_Work instruction_.
Retype the data that follows line by line, exactly, and leave its pictures out.

☆ ☆ ☆ ☆ ☆

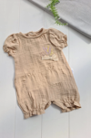 Kahverengi müslin kumaşlı kız bebek tulumu 3-18 ay arası bebekler için uygundur %100 pamuklu olup, çiçek nakışlıdır Doğal kumaşı ile bebek cildine zarar vermez ve konforlu bir kullanım sağlar
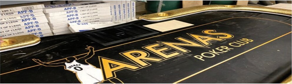 The filing includes a photo of a gold-trimmed poker table with the words "ARENAS POKER CLUB" printed on top along with an image of a basketball player with a jersey labeled "ARENAS."
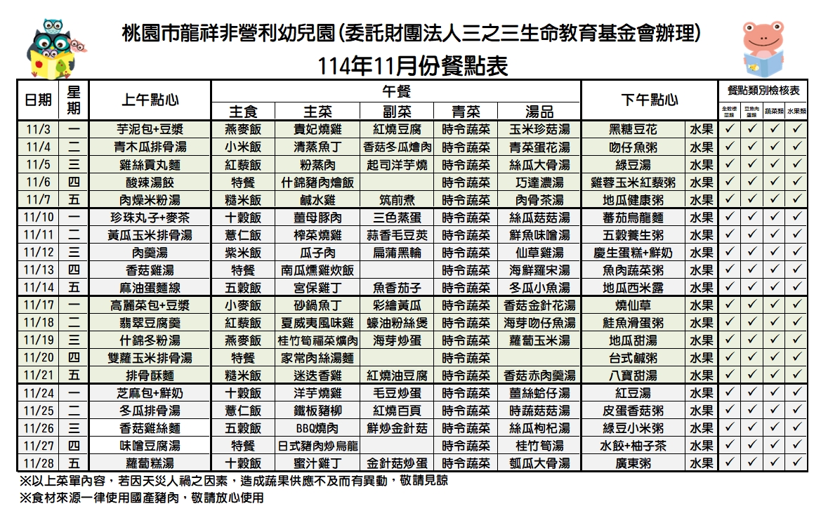 114年十一月份餐點表
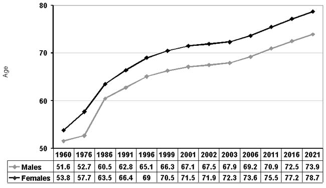 Life expectancy. Life expectancy increased for males from 52.7 years in 1976 to 67.9 in 2003, and for females from 57.7 years in 1976 to 72.3 in 2003 (Figure 4). Life expectancy is anticipated to reach 73.9 and 78.7 years for males and females, respectively, in 2021 (CAPMAS, 2004).
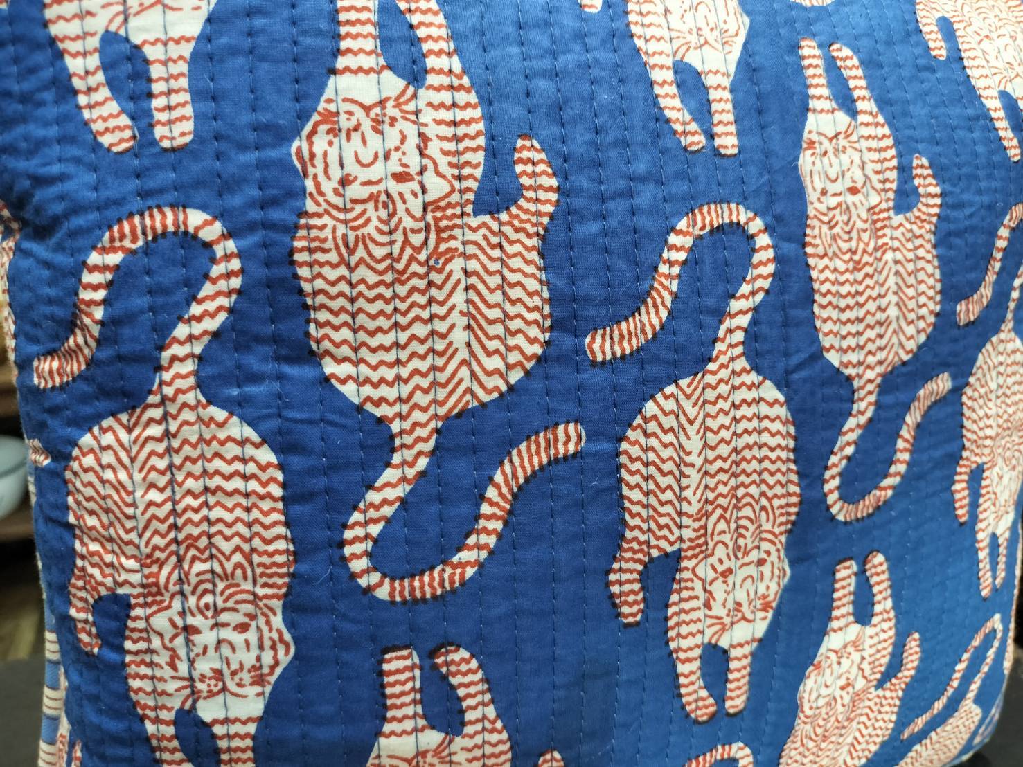 インド ブロックプリント 猫模様 キルティングクッションカバー①

☆ ☆ ☆ ☆ ☆

_Answer to the exercise_.
 Kahverengi müslin kumaşlı kız bebek tulumu 3-18 ay arası bebekler için uygundur %100 pamuklu olup, çiçek nakışlıdır Doğal kumaşı ile bebek cildine zarar vermez ve konforlu bir kullanım sağlar
 The filing includes a photo of a gold-trimmed poker table with the words "ARENAS POKER CLUB" printed on top along with an image of a basketball player with a jersey labeled "ARENAS."
 114年十一月份餐點表
 Life expectancy. Life expectancy increased for males from 52.7 years in 1976 to 67.9 in 2003, and for females from 57.7 years in 1976 to 72.3 in 2003 (Figure 4). Life expectancy is anticipated to reach 73.9 and 78.7 years for males and females, respectively, in 2021 (CAPMAS, 2004).
 インド ブロックプリント 猫模様 キルティングクッションカバー①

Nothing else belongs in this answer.